Before the submission of the present review to the Journal it became known that Nobel prize in Physics 2016 was awarded to David J. Thouless, F. Duncan, M. Haldane and J. Michael Kosterlitz [254] 'for theoretical discoveries of topological phase transitions and topological phases of matter'. The use of the topological concept for studying of space properties which remain unchanged at its remaining invariable at its continuous deformations allows one to describe the order disturbance in the condensed systems, in particular, transition to a superfluid or superconducting state. On this basis the mechanism of phase superconducting transition is explained at low temperatures even in thin (two-dimensional) layers with a stepwise change of conductivity with the increase of induction of the imposed magnetic field as well as the mechanism of disappearance of superconductivity at high temperatures. The latter transition was received the name of Berezinskii-Kosterlitz-Thouless (BKT) transition [255257], but the Soviet physicist-theorist Vadim Berezinskii participated in theory development in the 1970's has not lived up to getting the Nobel Prize.

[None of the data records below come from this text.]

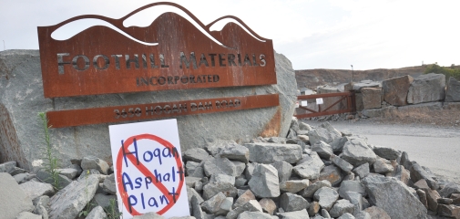 “No Asphalt Plant” sign at entry to Foothill Materials, Hogan Quarry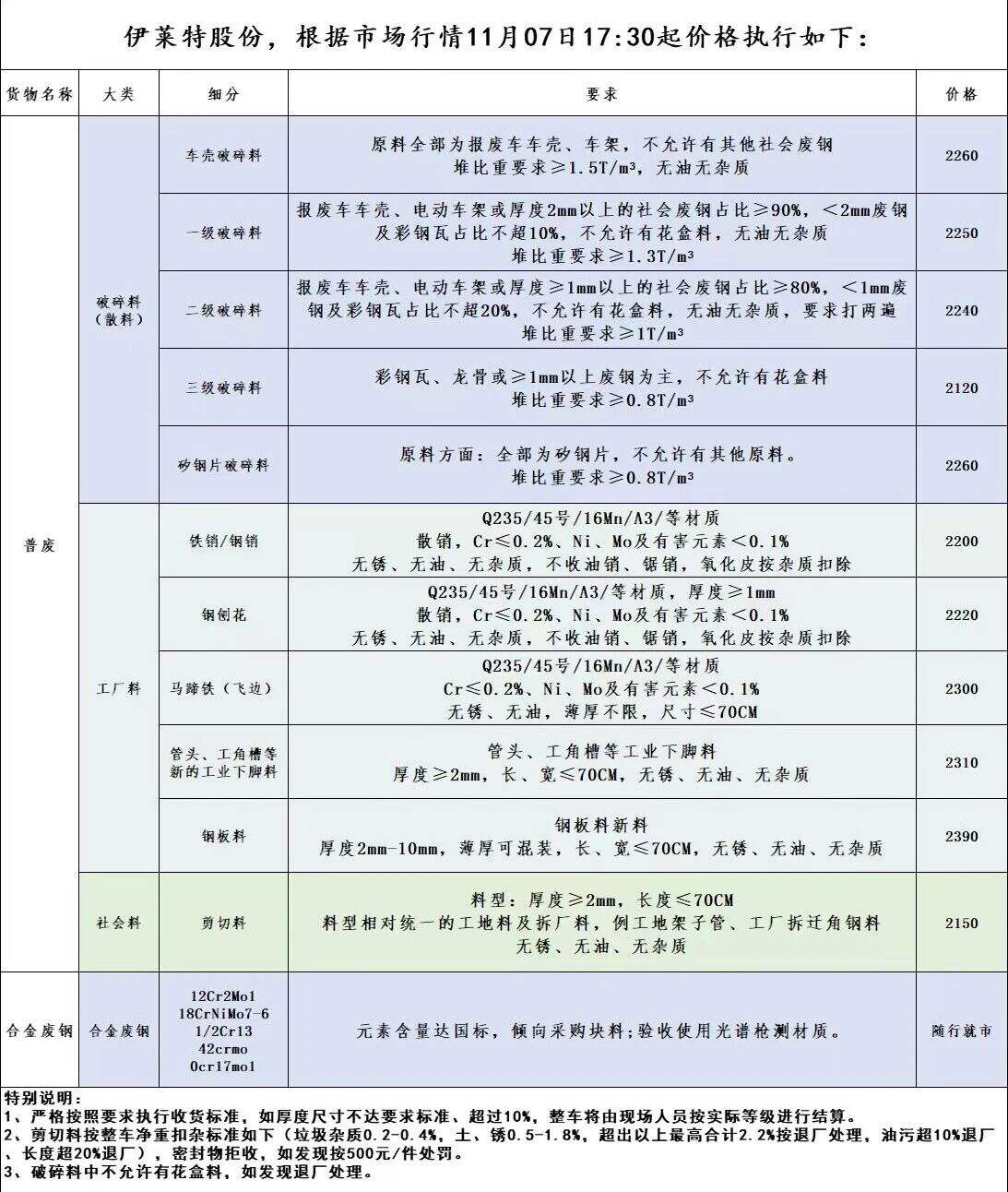 潍坊特钢废钢价格做出如下调整:不开票散户----------重型废钢:****元/吨,特级废钢:****元/吨,中级废钢:****元/吨(停收)*%增值税专用发票----重型废钢:****元/吨,特级废钢:****元/吨,中级废钢:****元/吨**%增值税专用发票---重型废钢:****元/吨,特级废钢:****元/吨,中级废钢:****元/吨废钢个人户----------重型废钢:****元/吨,特级废钢:****元/吨,中级废钢:****元/吨以上规格及价格自****年**月**日早上*点开始执行。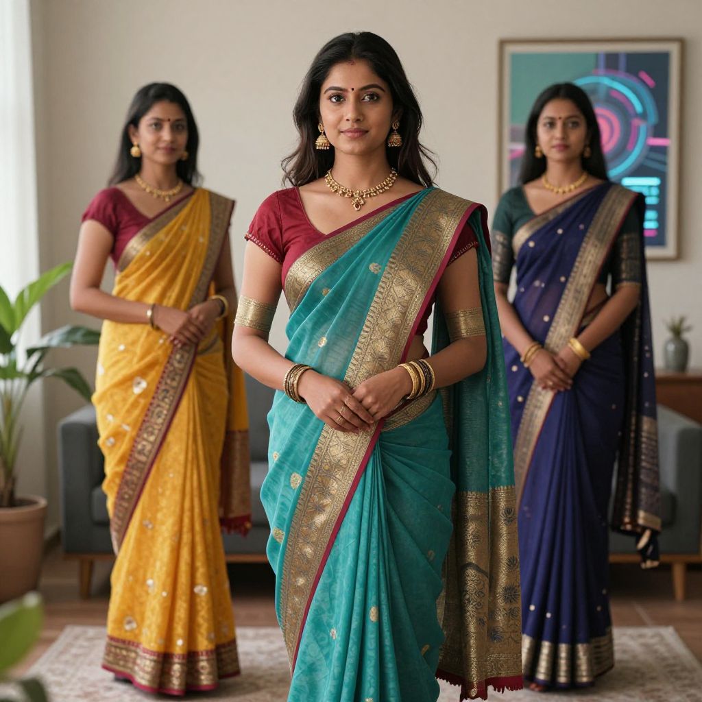 AI prompts for Indian women in a modern, vibrant studio setting with traditional sarees and digital art elements, blending cultural elegance with futuristic tech, soft natural lighting, and a balanced composition reflecting empowerment and innovation.

Approximately at the same time F. D. Haldane discovered that topological representations could be used for properties description of the one-dimensional magnetic chains appearing in some materials [258-260]. It is expected that such theoretically grounded search for unusual topological phases (or states) of matter could help researchers in quantum physical phenomena in the field of materials science, electronics, in quantum computer creation.

In this regard it should be also mentioned the work of Yu. F. Antonov and J. B. Danilevich [38] where the topological approach for new type of superconductor topologial electrical machines of high power (the electric engines and electric generators, electromagnetic couplings and DC transformers) has been considered. Here, the local changes of superconductors phase state are considered as topological transformations taking into account that for superconducting structures of any geometrical form and connectivity the fundamental value of quantization of the magnetic flux as the direct consequence of rigid phase coherence remains unchanged as a topological property of those structures.

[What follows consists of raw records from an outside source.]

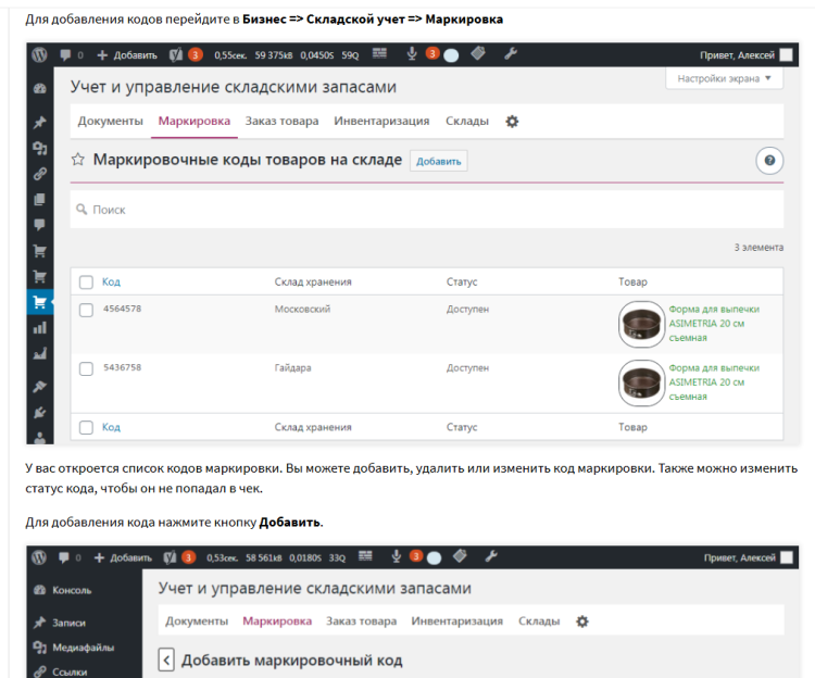 q3dm0 Опубликовано 28.07.2025 в 14:51 Поделиться Опубликовано 28.07.2025 в 14:51 Для работы с товарами, подлежащими обязательной маркировке, в табличной части документа добавляется поле "Код маркировки", в него нужно сканировать коды "Честного знака" с товара при продаже. Эти коды будут передаваться в фискальный регистратор (убедитесь, что прошивка вашего фискального регистратора уже обновлена до версии, поддерживающей работу с маркировкой). Обратите внимание, что если вы продаете несколько единиц маркированного товара, необходимо добавлять их в документ несколькими строками по 1 штуке. Если маркировка принимается фискальным регистратором корректно, на электронном чеке после названия товара будет выводиться код маркировки, а на бумажном буква [M]. На странице "Финансы-Фискальный регистратор" есть кнопка для проверки корректности кода маркировки на товаре. Подробнее Для добавления поля следуйте инструкции ниже или напишите нам. 1. Выполните SQL-запрос (это можно сделать через /admin/phpmyadmin/): ALTER TABLE `wn_scif1_doc_det` ADD `gs1` VARCHAR( 128 ) NOT NULL DEFAULT ""; 2. Добавьте в файле настроек wn_settings.php в корне установки системы (файл можно редактировать из меню Редактор кода) следующий код: $docitem_userfields['gs1']=array('name'=>'Код маркировки'); https://www.webnice.biz/faq-scif/?q50&ysclid=mdn83czjum710575146 если будете просто вставлять нное количество символов, просто можно под заказ сделать доработку, что то типо того как сверху описывается или под заказ делать отдельно модуль 0 Цитата Ссылка на комментарий Поделиться на другие сайты Поделиться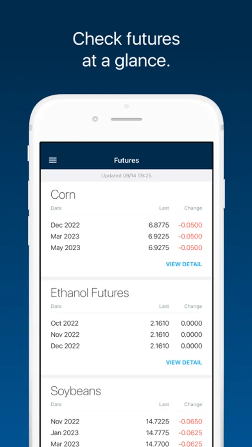 Futures: See Grains, Feed, Livestock, and Ethanol futures listed in order of your preference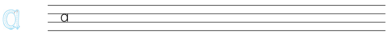 汉语拼音四线格分为上、中、下格,ɑ占中格,由两笔写成。先写左半圆,再写竖右弯。半圆的起笔点和落笔点对齐,竖写直,弯写短,做到浑圆饱满。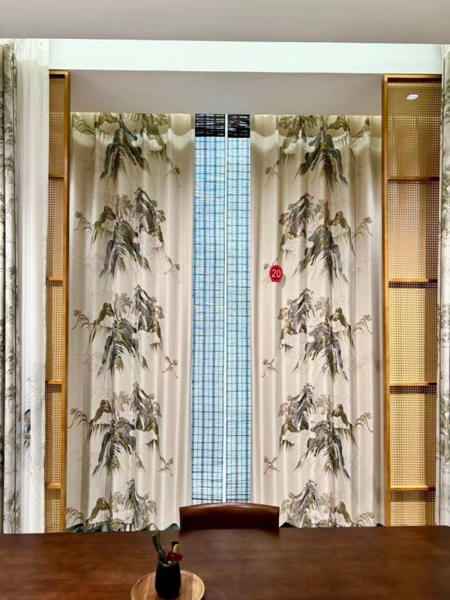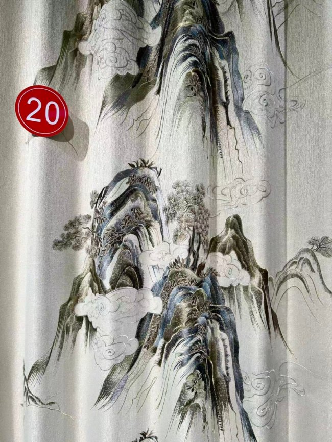 更令人惊叹的是其重磅刺绣系列。运用多达30余套色的绣花丝线,针数高达数百万针,将传统苏绣的细腻韵味与现代织造工艺的精准完美融合。无论是魏晋《兰亭序》的文字风骨,还是山水花鸟的自然意境,每一幅刺绣窗帘都是一幅独立存在的艺术作品。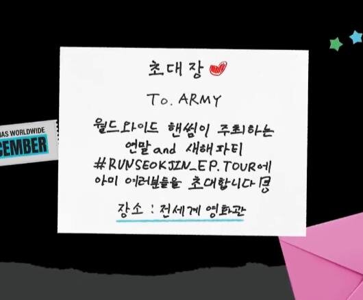 🔮 Перевод приглашения: Приглашение для Арми. Вы приглашены на вечеринку в конце года и Новый год, "RunSeokJin_Ep.Tour", организованную Всемирным Красавчиком! Место проведения: Кинотеатры по всему миру. #JIN @kumihobts

Technical operation of such machines is provided by electromagnetic effects caused by phase transitions accompanied by the formation of intermediate and mixed states of superconductors and movements of quantum filaments due to the change of connectivity of superconducting circuits using a specially developed resistive-superconducting switch.

Acknowledgments

The author would like to thank Prof. V. V. Gusarov for useful discussions. This work was financially supported by the Russian Foundation for Basic Research, project No. 15-08-03238 A.